这个函数非常重要,它首先使用 sysSocket 进行系统调用,创建一个监听套接字。

然后使用 newFD 创建一个 netFD 类型的对象。

调用 fd.listenStream 执行监听系统调用。

// socket returns a network file descriptor that is ready for
// asynchronous I/O using the network poller.
func socket(ctx context.Context, net string, family, sotype, proto int, ipv6only bool, laddr, raddr sockaddr) (fd *netFD, err error) {
    s, err := sysSocket(family, sotype, proto)
    if err != nil {
        return nil, err
    }
    if err = setDefaultSockopts(s, family, sotype, ipv6only); err != nil {
        poll.CloseFunc(s)
        return nil, err
    }
    if fd, err = newFD(s, family, sotype, net); err != nil {
        poll.CloseFunc(s)
        return nil, err
    }

    if laddr != nil && raddr == nil {
        switch sotype {
        // 基于流的协议
        case syscall.SOCK_STREAM, syscall.SOCK_SEQPACKET:
            if err := fd.listenStream(laddr, listenerBacklog); err != nil {
                fd.Close()
                return nil, err
            }
            return fd, nil
        // 基于数据报的协议
        case syscall.SOCK_DGRAM:
            if err := fd.listenDatagram(laddr); err != nil {
                fd.Close()
                return nil, err
            }
            return fd, nil
        }
    }
    if err := fd.dial(ctx, laddr, raddr); err != nil {
        fd.Close()
        return nil, err
    }
    return fd, nil
}

listenStream 执行 listen 系统调用

这个函数中的 listenFunc 执行 listen 系统调用。

func (fd *netFD) listenStream(laddr sockaddr, backlog int) error {
    if err := setDefaultListenerSockopts(fd.pfd.Sysfd); err != nil {
        return err
    }
    if lsa, err := laddr.sockaddr(fd.family); err != nil {
        return err
    } else if lsa != nil {
        // bind()
        if err := syscall.Bind(fd.pfd.Sysfd, lsa); err != nil {
            return os.NewSyscallError("bind", err)
        }
    }

    // listenFunc 是全局函数值,在 linux 下非测试环境被绑定到 syscall.Listen
    if err := listenFunc(fd.pfd.Sysfd, backlog); err != nil {
        return os.NewSyscallError("listen", err)
    }
    if err := fd.init(); err != nil {
        return err
    }
    lsa, _ := syscall.Getsockname(fd.pfd.Sysfd)
    fd.setAddr(fd.addrFunc()(lsa), nil)
    return nil
}

Go 的 listenTCP 一个函数就把 c 网络编程中 socket()bind()listen() 三步都完成了。大大减小了用户的心智负担。

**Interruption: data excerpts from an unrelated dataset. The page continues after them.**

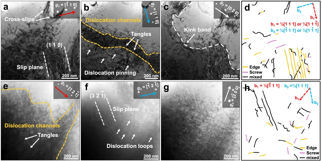 在屈服阶段,合金主要通过平面滑移变形,伴随少量交叉滑移。随着变形加深,位错缠结与短化现象明显,特别是边位错在扭折带边界处易于钉扎和累积,推动扭折带的形成。最终,材料的塑性由大量长直的边位错主导,这一异常机制区别于传统难熔合金中的螺位错主导。
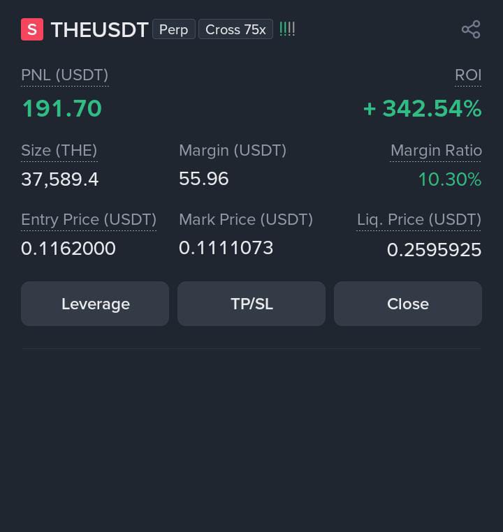 The Liquidation Price (0.2595925). Your trade will be automatically closed and you will lose $55.96 in margin if the price of THE reaches this level.
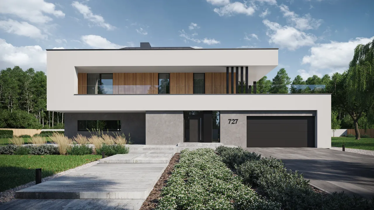 Wypełnij formularz i otrzymaj rysunki w pdf z dokładnymi wymiarami budynku i pomieszczeń (długość, szerokość, wysokość) dla projektu New House 727 w1
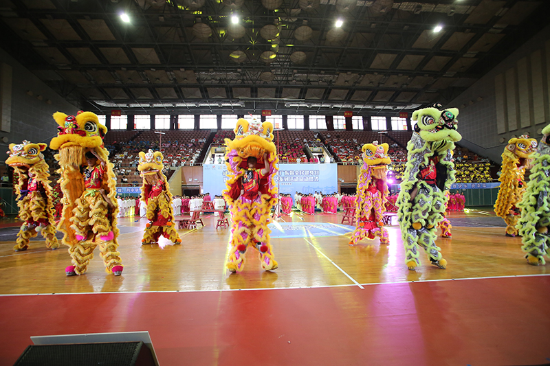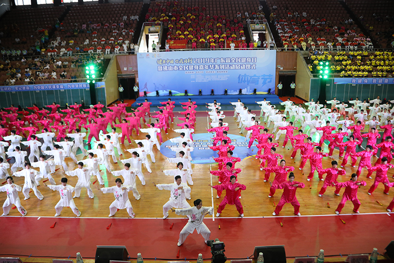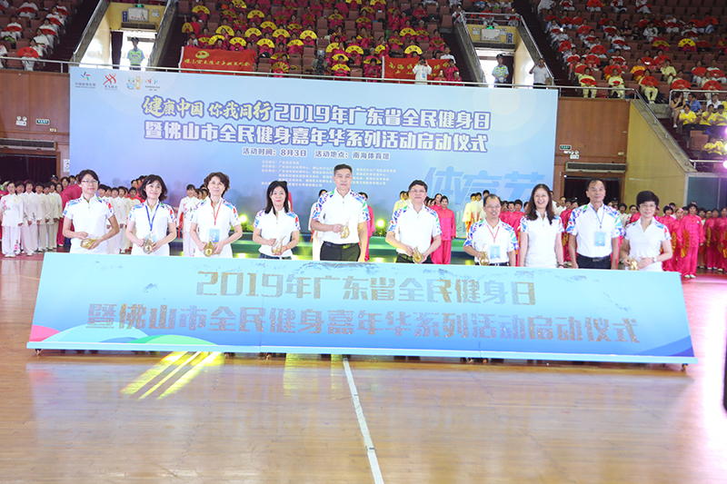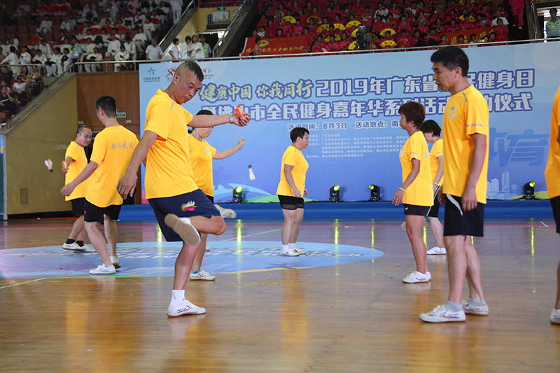 啟動(dòng)儀式及節(jié)目表演現(xiàn)場(chǎng),近600名來(lái)自廣州市和佛山市南海區(qū)的群眾代表以舞龍舞獅、健身氣功、太極、健身操、花式毽球、廣播體操等體育健身活動(dòng)展示的形式,共同為2019年廣東省“全民健身日”活動(dòng)拉開(kāi)帷幕,大力宣傳全民健身,吸引更多群眾主動(dòng)參與健身。

这里有一点需要注意,listenStream 虽然提供了 backlog 的参数,但用户层是没有办法通过 Go 的代码来修改 listen 的 backlog 的。

func maxListenerBacklog() int {
    fd, err := open("/proc/sys/net/core/somaxconn")
    if err != nil {
        return syscall.SOMAXCONN
    }
    defer fd.close()
    l, ok := fd.readLine()
    if !ok {
        return syscall.SOMAXCONN
    }
    f := getFields(l)
    n, _, ok := dtoi(f[0])
    if n == 0 || !ok {
        return syscall.SOMAXCONN
    }
    // Linux stores the backlog in a uint16.
    // Truncate number to avoid wrapping.
    // See issue 5030.
    if n > 1<<16-1 {
        n = 1<<16 - 1
    }
    return n
}

如上,在 linux 中,如果配置了 /proc/sys/net/core/somaxconn,那么就用这个值,如果没有配置,那么就使用 syscall 中的 SOMAXCONN:

const (
    SOMAXCONN = 0x80 // 128
)

社区里有很多人吐槽,希望能有手段能修改这个值,不过看起来官方并不打算支持。所以现阶段只能通过修改 /proc/sys/net/core/somaxconn 来修改 listen 的 backlog。

netFD 添加到 poller

在上面的 listen 流程的 socket 函数中会调用 newFD 来初始化一个 fd。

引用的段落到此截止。